An exception included Microsoft PowerPoint presentations, which had to be converted to the GCAPaper DTD structure before they could be included in the conference proceedings publication. Further validation of all papers was then required to ensure they adhered to specific authoring guidelines for the DTD. The authoring guidelines accompanying the GCAPaper DTD specify the correct usage of elements in the DTD and also define naming conventions for cross-references and images used within each paper.

Validation of authoring guidelines is especially important for conference proceedings as a variety of authoring tools are used to produce papers.

Once all conference papers were received and validated, they were imported into a master document representing the conference proceedings publication. Step 3: Producing electronic publication formats from XML XML is predominantly used to define markup vocabularies for a specific application domain and in general has no default formatting styles, as is the case with HTML. Instead, stylesheets are used to associate presentational information with XML documents.If your application needs a data structure that models the XML document, you have to write that code yourself.

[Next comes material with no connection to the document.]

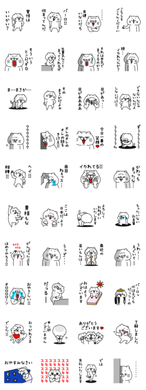 全力でうざい全力でおちょくるあざとかわいい猫がただひたすらにバーロー、イカれてる、えぐいなど使えるちょいダサいセリフを言うだけのスタンプ。cosotto より発売

Once you parse the XML document, will you need to access that data many times? These steps are discussed in the following sections and are applicable to the production of any publication electronic or print with XML. This means that the XML data is actually part of the script itself and can be manipulated much in the same way that other data types such as arrays, strings, and objects, can be manipulated.

In short, E4X makes working with XML data a much more flexible process and speeds up the parsing of data since it exists as a primitive data type rather than an external resource.

HOBERT from Port St. Lucie
I do love studying docunments inwardly . Also read my other articles. I am highly influenced by chess boxing.